BEGIN Records to use
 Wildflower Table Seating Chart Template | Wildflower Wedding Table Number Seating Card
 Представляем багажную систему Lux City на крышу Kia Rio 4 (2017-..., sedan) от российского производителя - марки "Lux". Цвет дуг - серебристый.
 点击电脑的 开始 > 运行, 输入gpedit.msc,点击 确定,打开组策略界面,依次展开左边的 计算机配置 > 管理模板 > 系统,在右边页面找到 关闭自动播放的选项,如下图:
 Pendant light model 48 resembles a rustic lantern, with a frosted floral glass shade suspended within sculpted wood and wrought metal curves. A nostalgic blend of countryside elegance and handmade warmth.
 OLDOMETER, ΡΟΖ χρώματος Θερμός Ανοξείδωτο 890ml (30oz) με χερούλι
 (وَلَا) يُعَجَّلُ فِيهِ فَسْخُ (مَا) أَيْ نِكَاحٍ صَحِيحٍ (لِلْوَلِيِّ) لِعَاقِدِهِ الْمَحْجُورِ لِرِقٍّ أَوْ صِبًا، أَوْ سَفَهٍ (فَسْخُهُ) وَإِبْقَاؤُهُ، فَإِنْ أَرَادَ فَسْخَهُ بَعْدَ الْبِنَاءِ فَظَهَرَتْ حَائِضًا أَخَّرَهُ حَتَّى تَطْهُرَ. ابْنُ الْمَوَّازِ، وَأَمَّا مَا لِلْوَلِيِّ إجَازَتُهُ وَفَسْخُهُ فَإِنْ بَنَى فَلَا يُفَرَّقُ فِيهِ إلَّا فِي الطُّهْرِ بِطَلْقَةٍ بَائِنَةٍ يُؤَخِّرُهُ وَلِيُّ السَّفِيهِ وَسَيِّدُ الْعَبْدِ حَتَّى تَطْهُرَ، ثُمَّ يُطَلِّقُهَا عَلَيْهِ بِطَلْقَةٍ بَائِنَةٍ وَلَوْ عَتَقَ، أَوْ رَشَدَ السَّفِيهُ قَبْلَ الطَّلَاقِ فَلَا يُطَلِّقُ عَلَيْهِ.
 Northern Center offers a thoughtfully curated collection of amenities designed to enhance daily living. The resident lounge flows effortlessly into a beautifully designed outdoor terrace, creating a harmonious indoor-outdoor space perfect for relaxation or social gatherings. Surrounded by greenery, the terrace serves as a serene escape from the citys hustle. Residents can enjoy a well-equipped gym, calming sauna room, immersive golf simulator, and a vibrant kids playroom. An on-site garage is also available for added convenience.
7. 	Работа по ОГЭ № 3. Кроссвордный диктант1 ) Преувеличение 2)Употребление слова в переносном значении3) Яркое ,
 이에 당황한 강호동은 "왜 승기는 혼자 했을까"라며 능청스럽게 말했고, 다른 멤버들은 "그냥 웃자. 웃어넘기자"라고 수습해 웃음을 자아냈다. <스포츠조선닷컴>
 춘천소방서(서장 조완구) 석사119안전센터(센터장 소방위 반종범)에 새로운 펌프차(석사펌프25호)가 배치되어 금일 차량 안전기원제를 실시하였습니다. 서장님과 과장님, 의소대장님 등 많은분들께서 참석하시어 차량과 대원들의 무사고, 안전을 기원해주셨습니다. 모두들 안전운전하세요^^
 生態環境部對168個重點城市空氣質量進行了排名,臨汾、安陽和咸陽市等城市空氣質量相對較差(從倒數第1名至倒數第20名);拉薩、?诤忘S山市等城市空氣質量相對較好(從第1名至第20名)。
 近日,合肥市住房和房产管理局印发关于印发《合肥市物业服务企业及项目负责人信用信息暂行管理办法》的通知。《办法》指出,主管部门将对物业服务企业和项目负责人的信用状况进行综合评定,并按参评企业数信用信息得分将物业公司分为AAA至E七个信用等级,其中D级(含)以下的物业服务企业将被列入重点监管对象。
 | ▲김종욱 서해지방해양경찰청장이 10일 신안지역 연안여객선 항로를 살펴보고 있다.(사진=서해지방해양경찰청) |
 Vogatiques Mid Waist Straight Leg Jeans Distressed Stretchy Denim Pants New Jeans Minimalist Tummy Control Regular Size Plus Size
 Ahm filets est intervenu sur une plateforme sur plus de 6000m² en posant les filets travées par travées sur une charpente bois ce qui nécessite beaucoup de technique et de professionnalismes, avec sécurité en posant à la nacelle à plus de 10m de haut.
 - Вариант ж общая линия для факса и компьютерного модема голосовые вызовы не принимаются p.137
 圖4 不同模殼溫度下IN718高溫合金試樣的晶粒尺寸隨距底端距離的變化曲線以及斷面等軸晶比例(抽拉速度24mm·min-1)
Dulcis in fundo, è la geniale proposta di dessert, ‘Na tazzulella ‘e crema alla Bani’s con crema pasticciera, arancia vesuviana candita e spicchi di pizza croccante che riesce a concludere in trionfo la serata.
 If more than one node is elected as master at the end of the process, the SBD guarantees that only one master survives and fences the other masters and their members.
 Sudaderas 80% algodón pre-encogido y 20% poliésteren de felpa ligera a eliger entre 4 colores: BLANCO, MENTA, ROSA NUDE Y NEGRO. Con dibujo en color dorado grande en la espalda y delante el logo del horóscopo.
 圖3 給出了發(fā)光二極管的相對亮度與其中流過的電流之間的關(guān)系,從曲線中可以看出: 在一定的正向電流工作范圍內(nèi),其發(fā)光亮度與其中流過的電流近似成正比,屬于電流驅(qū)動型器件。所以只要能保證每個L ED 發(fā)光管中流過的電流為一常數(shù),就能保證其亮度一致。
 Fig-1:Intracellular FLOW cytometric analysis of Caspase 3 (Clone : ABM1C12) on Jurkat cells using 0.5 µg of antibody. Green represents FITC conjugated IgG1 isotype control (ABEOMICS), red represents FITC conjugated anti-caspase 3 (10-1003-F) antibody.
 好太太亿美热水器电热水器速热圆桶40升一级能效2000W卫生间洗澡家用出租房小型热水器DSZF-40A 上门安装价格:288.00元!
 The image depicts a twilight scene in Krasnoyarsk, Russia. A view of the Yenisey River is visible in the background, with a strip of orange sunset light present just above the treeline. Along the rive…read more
END Records to use
Copy out all lines of the listing above that include "more".

◆ Solution ◆
 If more than one node is elected as master at the end of the process, the SBD guarantees that only one master survives and fences the other masters and their members.
 The image depicts a twilight scene in Krasnoyarsk, Russia. A view of the Yenisey River is visible in the background, with a strip of orange sunset light present just above the treeline. Along the rive…read more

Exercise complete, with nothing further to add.